-- ACTION ITEM --
Could you repeat exactly the lines from the one containing "We went inside" through the last line of the records, with no pictures?

(PROVIDED MATERIAL begins)

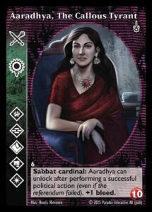 Aaradhya, The Callous Tyrant![]() Concordia ![]() Damian ![]() Khin Aye ![]() Lika, The Purger ![]() Lyyli Yösydän ![]() | Onkabetse, Arriviste![]() Rasha Tarabzouni ![]() Rexton "Savage" Abernathy ![]() Suwira ![]() Üresség ![]() Věnceslava, The Implacable ![]() |
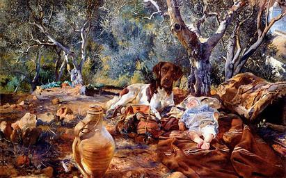 Keywords: Aranda el-hato.jpg El Hato oil on canvas 64 x 98 cm repro from art book 1896 José Jiménez Aranda 1837-1903 Author died more than 70 years ago - public domain PD-old José Jiménez Aranda 1896 paintings 19th-century paintings of dogs
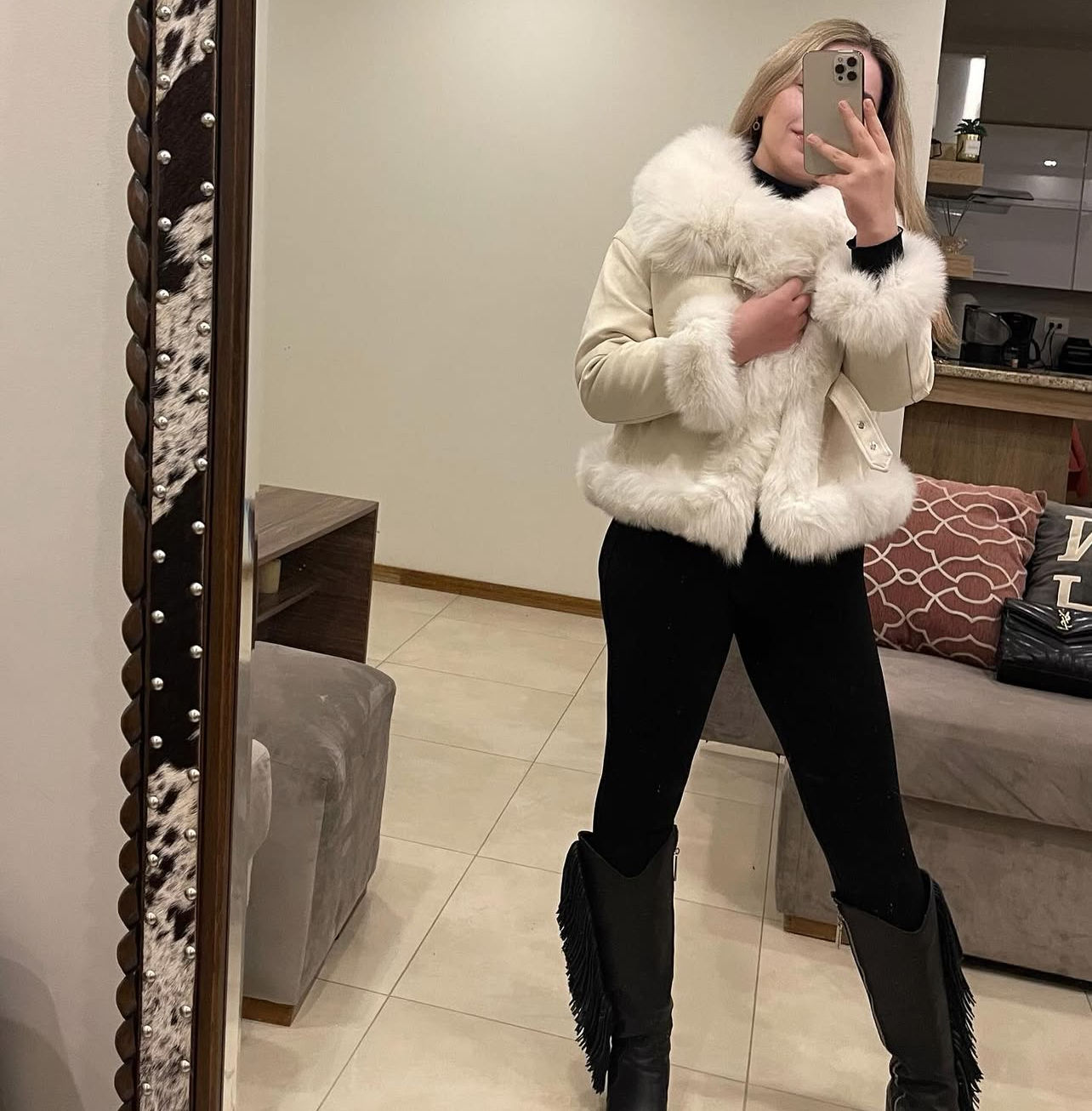 ABRIGO PIEL DE ZORRO COLOR BLANCO
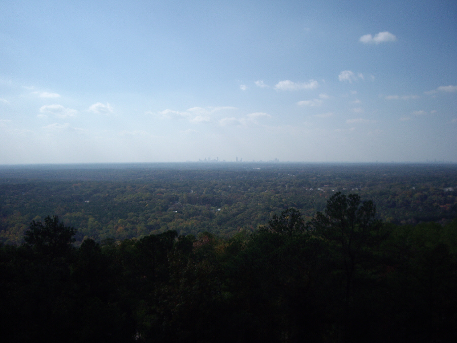 We went inside the building for a while; there are the typical coffee shop and souvenir sales, as well as some exhibits regarding the flora, fauna and geology of Stone Mountain. There was also a neat balcony/patio out the southern side of the building, but the views to the hazy south were unremarkable. We just bummed around for a bit before leaving the mountaintop and making our way down.
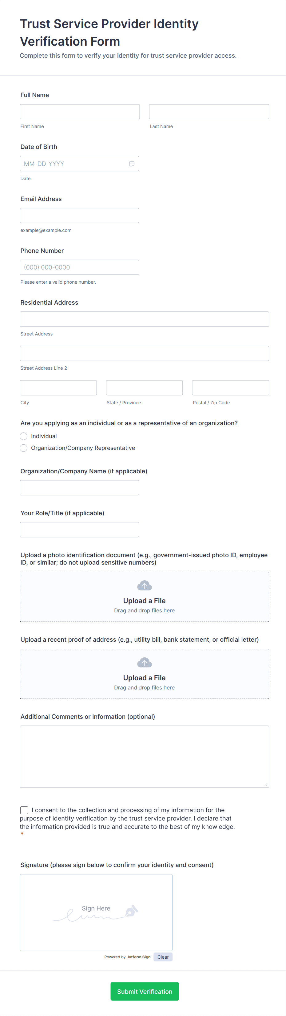 - For verification, include fields for uploading documents (e.g., ID, proof of address, certificates).
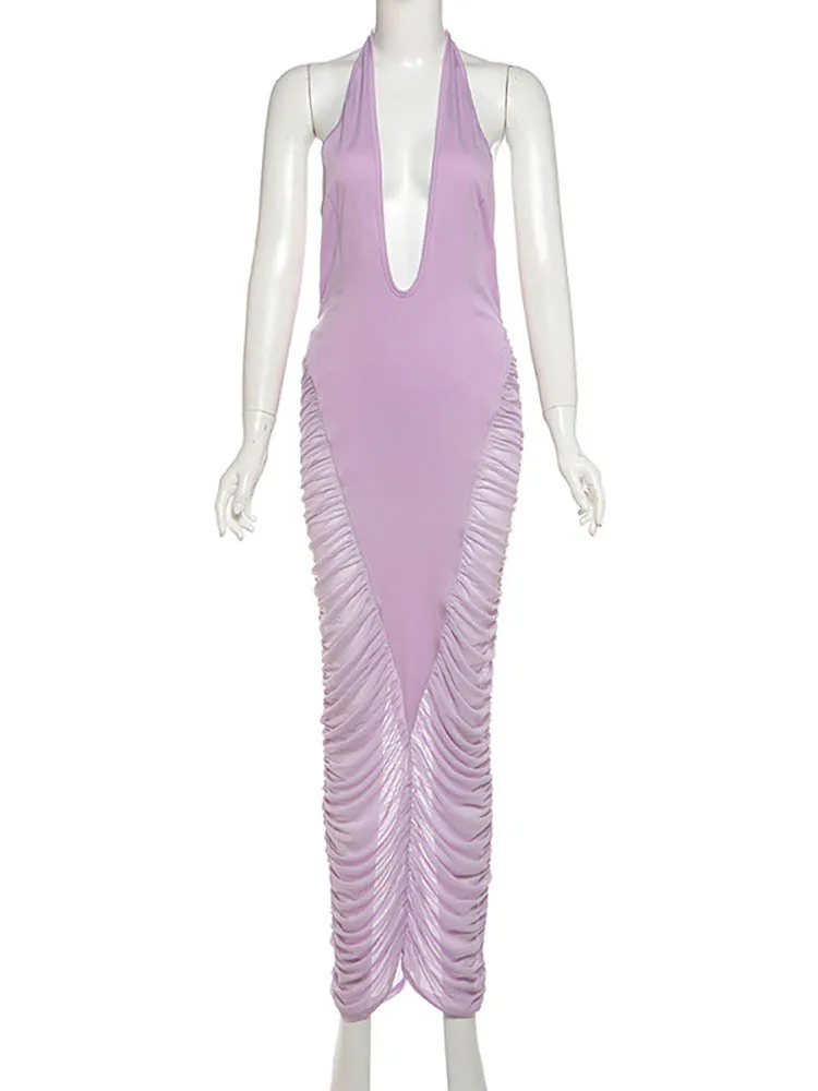 Mozision Halter profondo scollo a V maxi abito sexy abito da donna viola moda patchwork maglia a vita alta increspato club abito lungo femminile

(PROVIDED MATERIAL ends)

-- RESULT FOR THIS TASK --
 We went inside the building for a while; there are the typical coffee shop and souvenir sales, as well as some exhibits regarding the flora, fauna and geology of Stone Mountain. There was also a neat balcony/patio out the southern side of the building, but the views to the hazy south were unremarkable. We just bummed around for a bit before leaving the mountaintop and making our way down.
 - For verification, include fields for uploading documents (e.g., ID, proof of address, certificates).
 Mozision Halter profondo scollo a V maxi abito sexy abito da donna viola moda patchwork maglia a vita alta increspato club abito lungo femminile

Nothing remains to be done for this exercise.